After a while the "churn and burn" system begins to feed on itself. Sophisticated, sincere relationship builders are driven away because there is no opportunity for them to do their best work. Turnover increases and donors become frustrated with the institution sending one "hired gun" after the other to secure their support, and giving declines. But "churn and burn" practitioners respond to declines in private support by placing even more emphasis on short-term fund-raising quotas, which leads to more turnover, greater donor dismay and, eventually, significant attrition.

So, in this series, “A Long Look at Philanthropy,” I used higher education as a case study to demonstrate the efficacy of the long-term approach to fund raising, of building and deepening connections even during times when the immediate return will be small or non-existent. Institutions of higher learning, I said, must think in terms of 50-year relationships to fully optimize the potential of their donor base. The most important periods of time within that 50-year period are, in order, the undergraduate years, the first five years after graduation and then any fifteen-year period of sustained annual support. Beyond that, there is no other period that is as important as those three. It’s just a matter of institutions keeping in touch, listening, adjusting and keeping faith with their most loyal supporters. In the early years, colleges and universities “raise” philanthropists, often giving more in terms of counseling, encouragement, recognition and programming than they get back.

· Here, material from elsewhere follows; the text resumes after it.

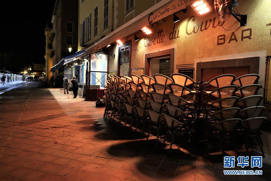 10月24日晚,在法国南部海滨城市尼斯,餐馆在晚九点宵禁前打烊。新华社发(塞尔日·阿乌齐摄)

But, at some point, the young philanthropists must come of age, realize all that has been done for them and begin to “give back” within their means. They must not only give back to the institution that raised them, they must understand the importance of their example. As they were once mentored, they should offer to mentor. As they were once provided career opportunities, they should offer them to others. As they once benefited from programs with little or no costs, they should seek to underwrite programs for those who cannot yet afford them. I don’t mean this to sound like a lecture coming from an entitled institution; I mean it to say that this is the only way the system can work over time. Any of us who receive a gift from a previous generation must give it “back” to the next.

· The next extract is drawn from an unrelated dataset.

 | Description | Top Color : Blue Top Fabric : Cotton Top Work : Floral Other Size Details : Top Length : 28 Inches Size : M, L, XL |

But, the institution still has an obligation to those who are now in a position to give back. It must give them a structure for doing so. It must show them where we can make the greatest difference. It must put them together with those that might follow in their footsteps. It must create an inter-active, inter-generational community focused on a great purpose. It must remind them of the institution's highest calling and how it can be best served. And, most importantly of all, the institution must dedicate itself daily to most cost-efficient, selfless pursuit of its ideals. Yes, the most productive path to philanthropic support is, will, and always has been the assiduous application of institutional ideals, the sheer, sustained determination to make difference where a difference most needs to be made over a long, long time.

And, yes, I realize that very few fund-raisers will serve a single institution for 50 years but that's the point. For however long they do serve and for whatever they seek to accomplish, they must make sure that they do their best in their time to strengthen the set of relationships entrusted to their care. The best fund raisers are not those who raise the most in their tenure; they are the ones who insure that the institution is positioned to raise even more after they leave.